Anonymous 0 Comments

Deflation of a currency is typically quite bad for an economy. When goods will be worth less tomorrow than it is today, you are incentivized to not spend money. If you think a car will cost 20k next year, but 30k this year, you can weigh if that 10k you gain by waiting is worth the wait. This is very bad for economy at scale because a large percentage of people will shift towards spending as little as possible today in order to get bigger returns later. With less people willing to spend money, products need to lower in value further in order to give incentive to spend now rather than later. This can spiral into total economic collapse.

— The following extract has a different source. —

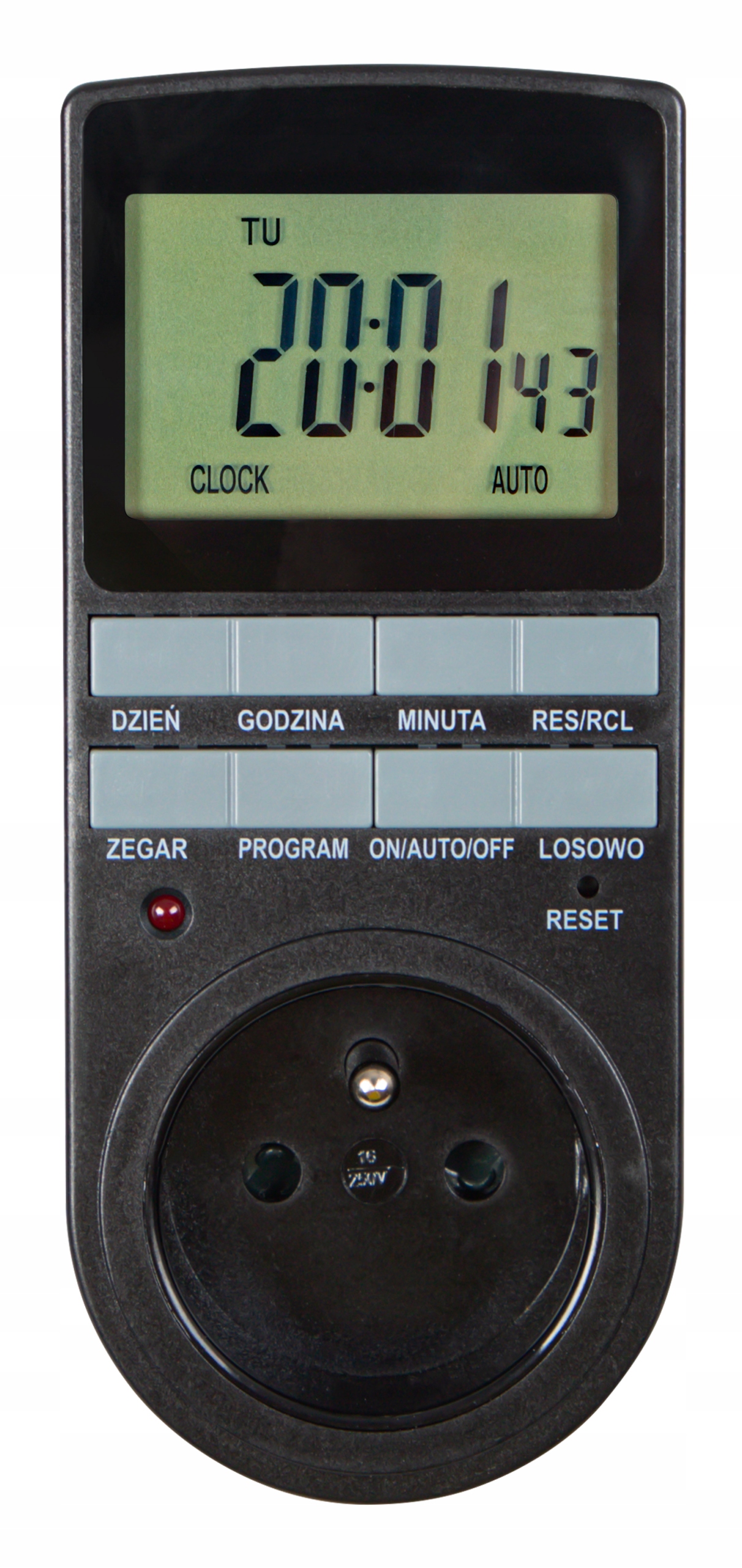 Операция устройства очень проста - просто подключите программиста к электрическому розетке, , а затем заглушку устройства, которое мы выбираем к розетку таймера. Используя кнопки на передней панели, мы установили подходящее время , в котором розетка должна быть включена - также возможно установить конкретные дни

Because of this, the governments of the world with strong central banks work very hard to maintain a constant state of inflation. The goal is typically an inflation of around 2-3% per year. At this level of inflation people do have incentive to spend now rather than later as that car will never get any cheaper than it is today. Its also low enough that consumers are incentivized to take on risk and invest in order to beat inflation. All of this helps grow the economy of a country.

This means that in general deflation is not something any government will ever want to willingly implement. We will not be going back. In the event the prices themselves are cumbersome, such as a chocolate bar being 50 bucks, a governments would look toward “redenomination”. This is simply a government issuing a new currency and exchanging it with all existing currency in order to tidy up numbers. For example they could issue the New Dollar, which is worth 50 Old Dollars. All Old Dollars are converted to New Dollars. All payment is now in New Dollars, and so can be divided by 50. This effectively solves the price problem, but has limited economic impact.